= Josephus of Arimathea =

Josephus, also called Josephe or Josephes, is the son of Joseph of Arimathea and an early keeper of the Holy Grail in some tellings of the Arthurian legend. He makes appearances in the Quest del Saint Graal section of the Lancelot-Grail cycle, but his story is fully told in the Estoire del Saint Grail (History of the Holy Grail), a prequel section written somewhat later. In the Estoire, he is invested as bishop by an apparition of Jesus with the implication that he was the first to receive his orders. Josephus is considered the primary holy man of the group, which is in contrast with the Lancelot-Grail's major source, Robert de Boron's Joseph d'Arimathie, in which his father is the undisputed leader. This is likely due to the authors' assertion that various great families are descended from Joseph; his virtuous son remains chaste and has no children.
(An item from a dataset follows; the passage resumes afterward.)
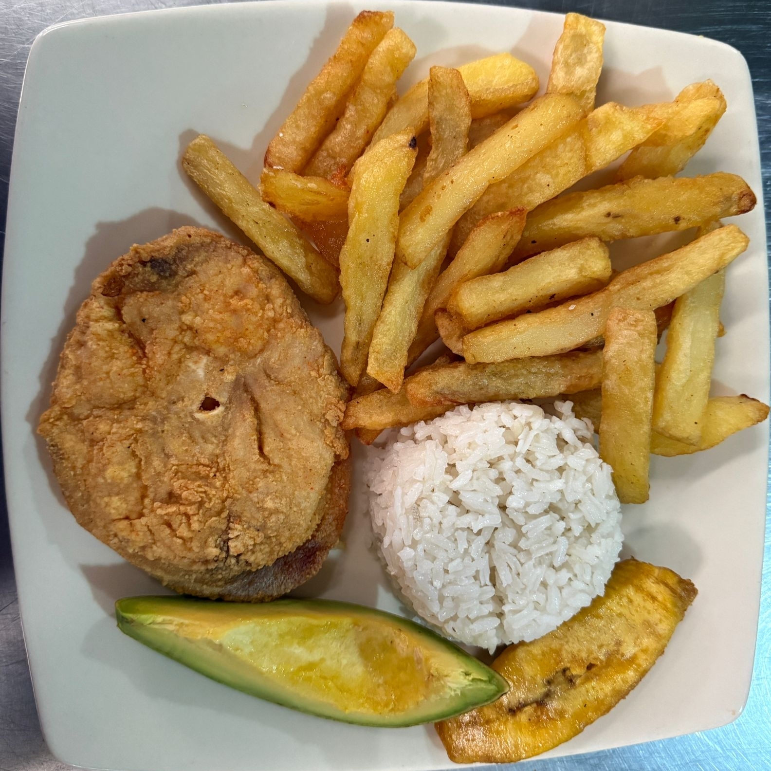 BAGRE FRITO, ARROZ, FRANCESA, PLATANO Y AGUACATE.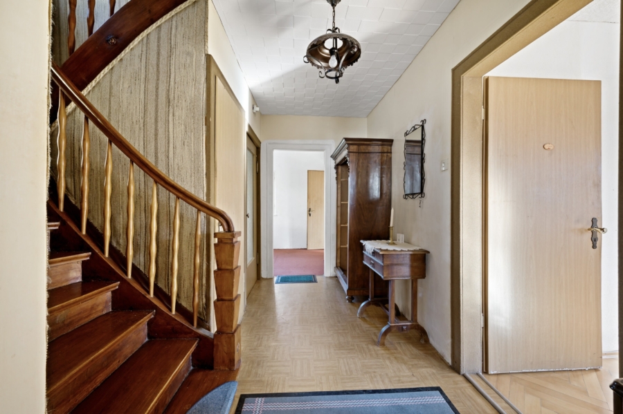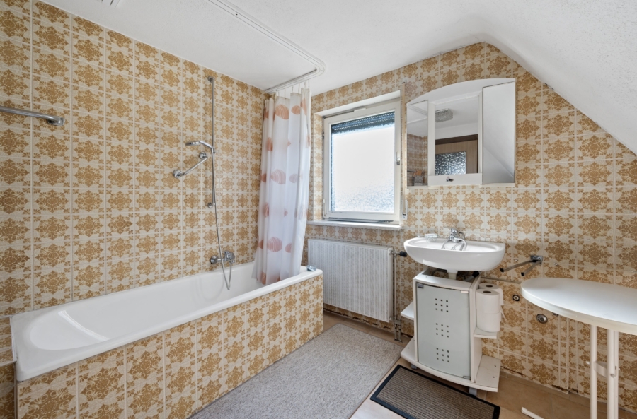 Hinweis: Das Dachfenster im Gäste-WC ist defekt. Dadurch kam es zu einem Wasserschaden, der ich im betroffenen WC sowie in der darunterliegenden Küche zeigt. Ein Teil der Wände im Untergeschoss weisen Spuren von Feuchtigkeit auf.

When Joseph's followers reach Britain, Josephus becomes the island's spiritual leader while his brother Galahad (ancestor to the more famous knight Galahad) takes charge of the secular duties. Before he dies, Josephus passes the Grail to his nephew Alan and announces the quest for the object that will eventually preoccupy King Arthur and his court.

Josephus was not a popular character with later authors. This is partially due to confusion between his and his father's names, which occurs even in some manuscripts of the Lancelot-Grail. Most subsequent writers preferred Joseph's earlier role as Britain's first evangelizer, and some, for instance Thomas Malory, apply some of Josephus' actions from the Estoire to Joseph.